WORK ITEM: Locate the line that contains "我们爷三刚到雪姐海鲜广场时大" in the data that follows. Copy it and every subsequent line to the end, exactly, excluding pictures.

GIVEN INFORMATION:
_ _ _ _
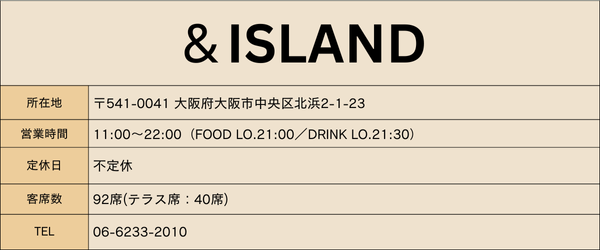 4つ目は大阪市中央区の北浜エリアにある「&ISLAND(アンドアイランド) 」です!
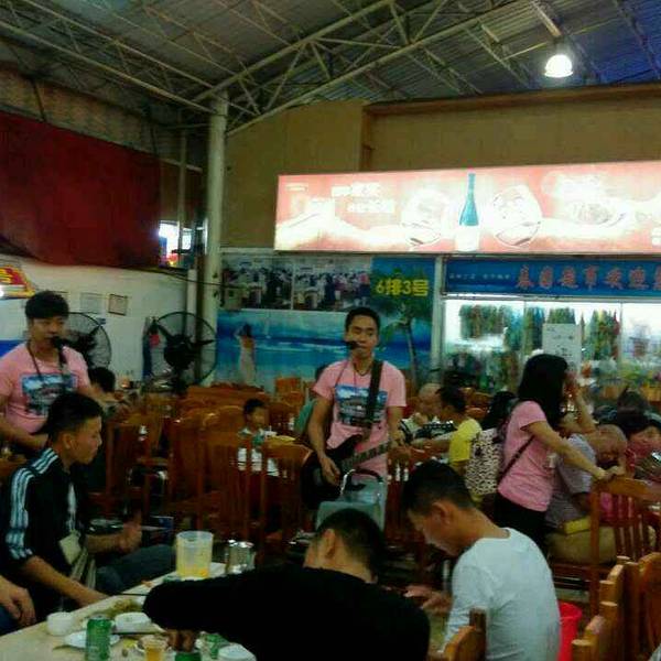 我们爷三刚到雪姐海鲜广场时大概是下午5点钟,当时诺大的广场就餐的也就星星点点的几桌,但一小时后我们的菜都上桌酒杯端起后,感觉其它桌十有六七的座满了人。酒过三杯,隔桌那边三个收费歌手就已音乐音响响起,万幸这三位在音响的配合下唱的还可以,之后就有其它背个破吉它一看就不入流的卖唱女不停的挨桌叫卖,再加上叫卖冷拼盘的衣着不整的女人时不时的贴身叫卖,那真叫一个乱。再加上先前各个加工摊位的拉客妹子的拉客抢客行为,更突显这里的特乱。
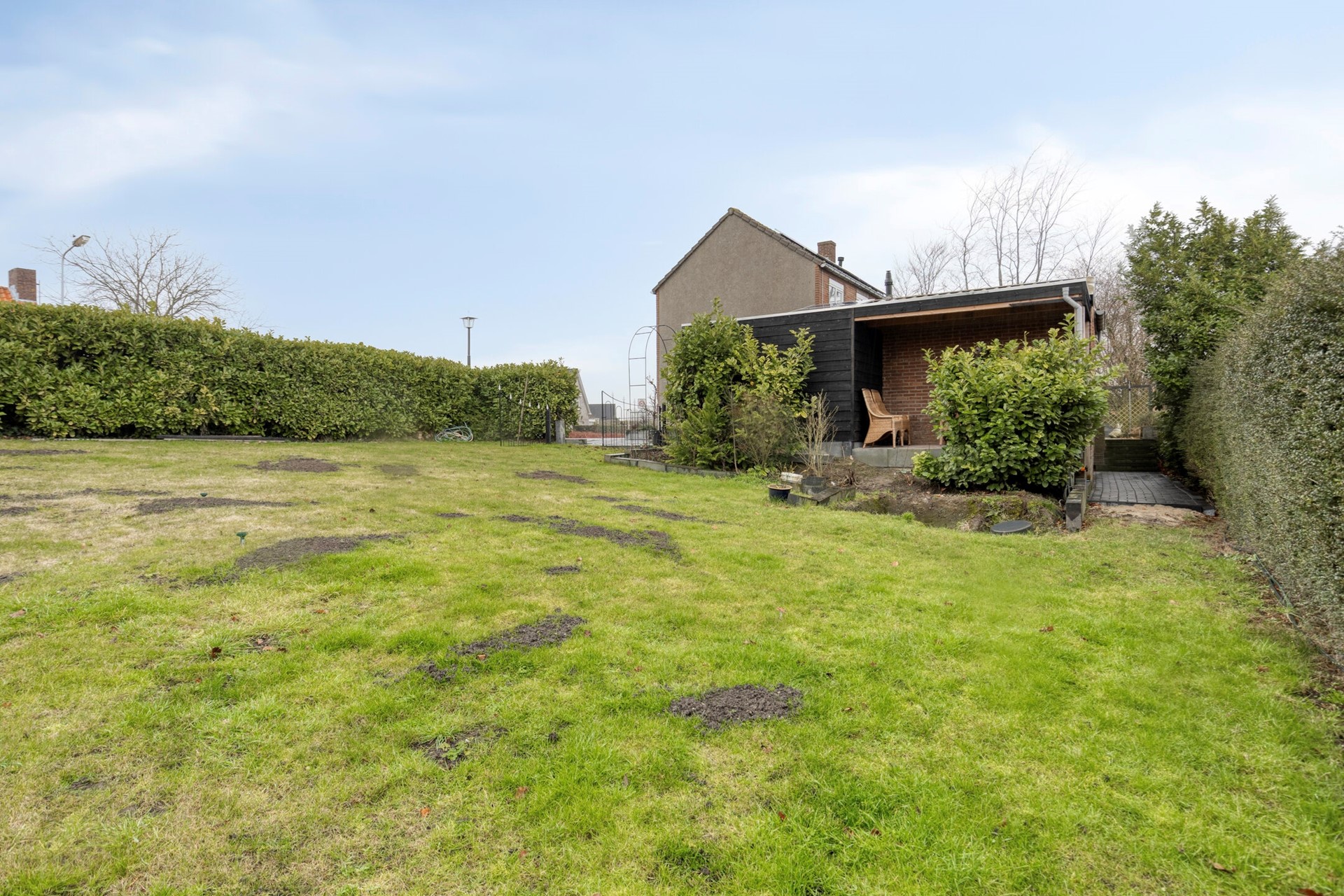 De woning beschikt over een ruime, zonnige tuin met sproeisysteem en grondwaterpomp, waar je de hele dag van de zon kunt genieten. Aan de achterzijde bevindt zich een fijn terras waar je in alle rust kunt ontspannen, met een prachtig vrij uitzicht over de polder. Daarnaast zijn er een garage en een schuurtje voor fietsen, wat zorgt voor volop praktische ruimte.
_ _ _ _
TASK RESULT:
 我们爷三刚到雪姐海鲜广场时大概是下午5点钟,当时诺大的广场就餐的也就星星点点的几桌,但一小时后我们的菜都上桌酒杯端起后,感觉其它桌十有六七的座满了人。酒过三杯,隔桌那边三个收费歌手就已音乐音响响起,万幸这三位在音响的配合下唱的还可以,之后就有其它背个破吉它一看就不入流的卖唱女不停的挨桌叫卖,再加上叫卖冷拼盘的衣着不整的女人时不时的贴身叫卖,那真叫一个乱。再加上先前各个加工摊位的拉客妹子的拉客抢客行为,更突显这里的特乱。
 De woning beschikt over een ruime, zonnige tuin met sproeisysteem en grondwaterpomp, waar je de hele dag van de zon kunt genieten. Aan de achterzijde bevindt zich een fijn terras waar je in alle rust kunt ontspannen, met een prachtig vrij uitzicht over de polder. Daarnaast zijn er een garage en een schuurtje voor fietsen, wat zorgt voor volop praktische ruimte.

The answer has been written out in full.